Saturday, May 12, 2007

Breaches ease pressure -- Columbia Tribune

Breaches ease pressure -- Columbia Tribune:
"Misfortune upstream likely helped Mid-Missouri dodge big damage this week as a peak pulse of floodwater traveled down the Missouri River.

On Thursday, river watchers drastically scaled back the threat for this area, allowing many small river communities to breathe a sigh of relief. But that fortunate development came after people farther up the Missouri saw levees fail or get topped by the swollen river.

'What we’re believing is that they revised the forecast down because a lot of the smaller, non-federal levees and ag levees above them were either topped or breached, so that allows the water to spread out,' said Bob Finneran, U.S. Army Corps of Engineers levee inspector for the Kansas City district."
This article goes on to note that much of the flooded areas upstream were Missouri Department of Conservation bottom lands that were managed specifically "in anticipation of the ebb and flow of water." Many of these public lands were former agricultural lands that were bought out following the devastating floods of the latter years of the last century.
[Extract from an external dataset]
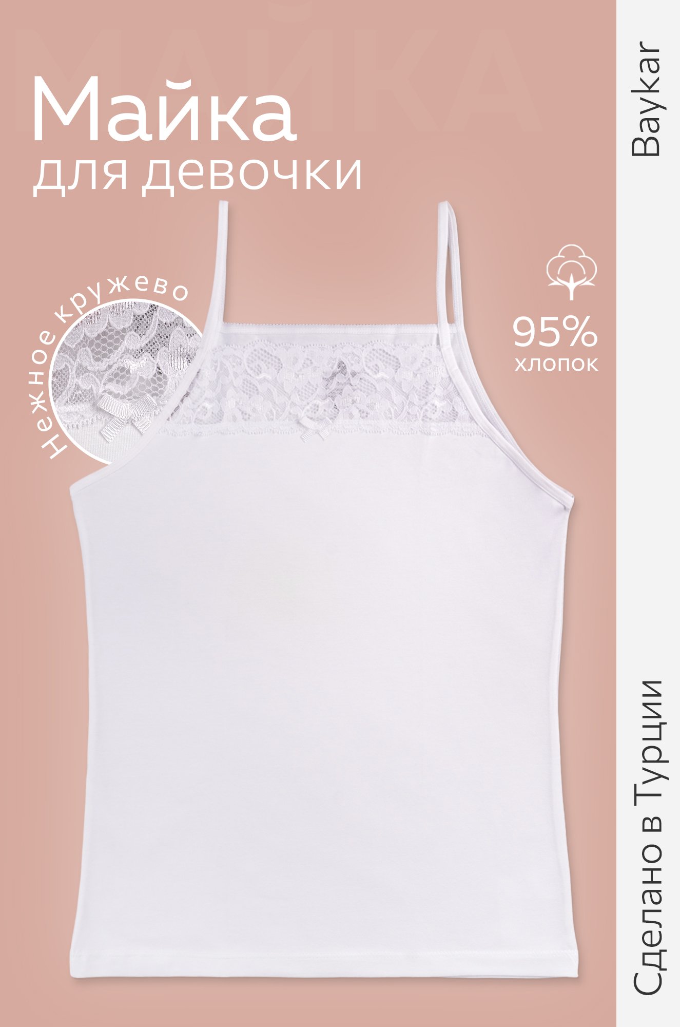 Детская майка для девочки и девочек подростков выполнена из мягкого трикотажного хлопка с добавлением эластана. Классическая белая маечка на тонких бретельках украшена широким эластичным кружевом и атласным бантиком.

I have been a supporter of free-flowing, natural rivers for many years, and the scientist in me realizes that straightening out the meanders (shortening the river), deepening the channels, and confining the rivers with levees has contributed significantly to the worsening of floods. There were floods before the "taming" of the rivers, to be sure, but the rivers at least had somewhere to go.

I married into an agricultural family, so I also have a sensitivity to those farmers who lost crops in past floods, and who will continue to lose crops as long as they farm the floodplains. When you get right down to it, it is great farmland. Most of the time. What has happened to the rivers is not their fault, but they certainly pay the price for the policies of the past.

The Missouri River presents a complex issue pitting recreational interests in South Dakota against barge traffic in Missouri. Kansas grain can be shipped by rail to Kansas City, and floated the rest of the way to the mills in St Louis and along the Mississippi, and ultimately to international grain terminals on the Gulf of Mexico.

But in order to float the barges, the dams upstream have to release water in the summer when it is most needed for the summer and fall harvests. This is the same time when the recreational interests need it the most. All too often recreational interests trump agricultural interests.

But the most ironic thing seems to be that the changes in river flow to support barges may have had the unintended effect of hurting the farmers in Missouri.